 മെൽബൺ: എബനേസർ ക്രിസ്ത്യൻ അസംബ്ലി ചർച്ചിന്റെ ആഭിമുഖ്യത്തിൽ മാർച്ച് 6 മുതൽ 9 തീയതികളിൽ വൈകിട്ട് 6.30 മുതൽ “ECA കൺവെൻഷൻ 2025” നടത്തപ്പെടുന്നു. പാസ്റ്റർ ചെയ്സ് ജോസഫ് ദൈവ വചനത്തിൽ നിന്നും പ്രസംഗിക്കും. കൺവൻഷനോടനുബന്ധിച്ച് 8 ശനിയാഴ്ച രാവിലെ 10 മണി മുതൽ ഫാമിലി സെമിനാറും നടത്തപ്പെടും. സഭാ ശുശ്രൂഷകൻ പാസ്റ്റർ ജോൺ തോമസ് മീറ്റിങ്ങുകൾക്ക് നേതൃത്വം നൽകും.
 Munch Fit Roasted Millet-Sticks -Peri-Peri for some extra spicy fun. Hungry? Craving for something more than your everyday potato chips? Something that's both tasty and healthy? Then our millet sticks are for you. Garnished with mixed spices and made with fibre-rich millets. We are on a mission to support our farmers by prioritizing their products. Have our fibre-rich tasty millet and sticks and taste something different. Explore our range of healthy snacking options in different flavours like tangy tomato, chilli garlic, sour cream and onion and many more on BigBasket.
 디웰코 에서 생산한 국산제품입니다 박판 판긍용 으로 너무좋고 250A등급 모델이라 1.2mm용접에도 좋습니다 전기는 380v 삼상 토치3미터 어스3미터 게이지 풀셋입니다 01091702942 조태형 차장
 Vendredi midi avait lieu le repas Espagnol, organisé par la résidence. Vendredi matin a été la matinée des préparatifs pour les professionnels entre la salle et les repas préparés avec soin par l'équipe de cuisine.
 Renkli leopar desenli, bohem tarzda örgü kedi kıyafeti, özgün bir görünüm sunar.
*-*-*
*WHAT YOU SHOULD DO*
Only this range is to be output: the line that contains "Vendredi midi avait" through the last line of the records above, both inclusive.

*YOUR RESPONSE*
 Vendredi midi avait lieu le repas Espagnol, organisé par la résidence. Vendredi matin a été la matinée des préparatifs pour les professionnels entre la salle et les repas préparés avec soin par l'équipe de cuisine.
 Renkli leopar desenli, bohem tarzda örgü kedi kıyafeti, özgün bir görünüm sunar.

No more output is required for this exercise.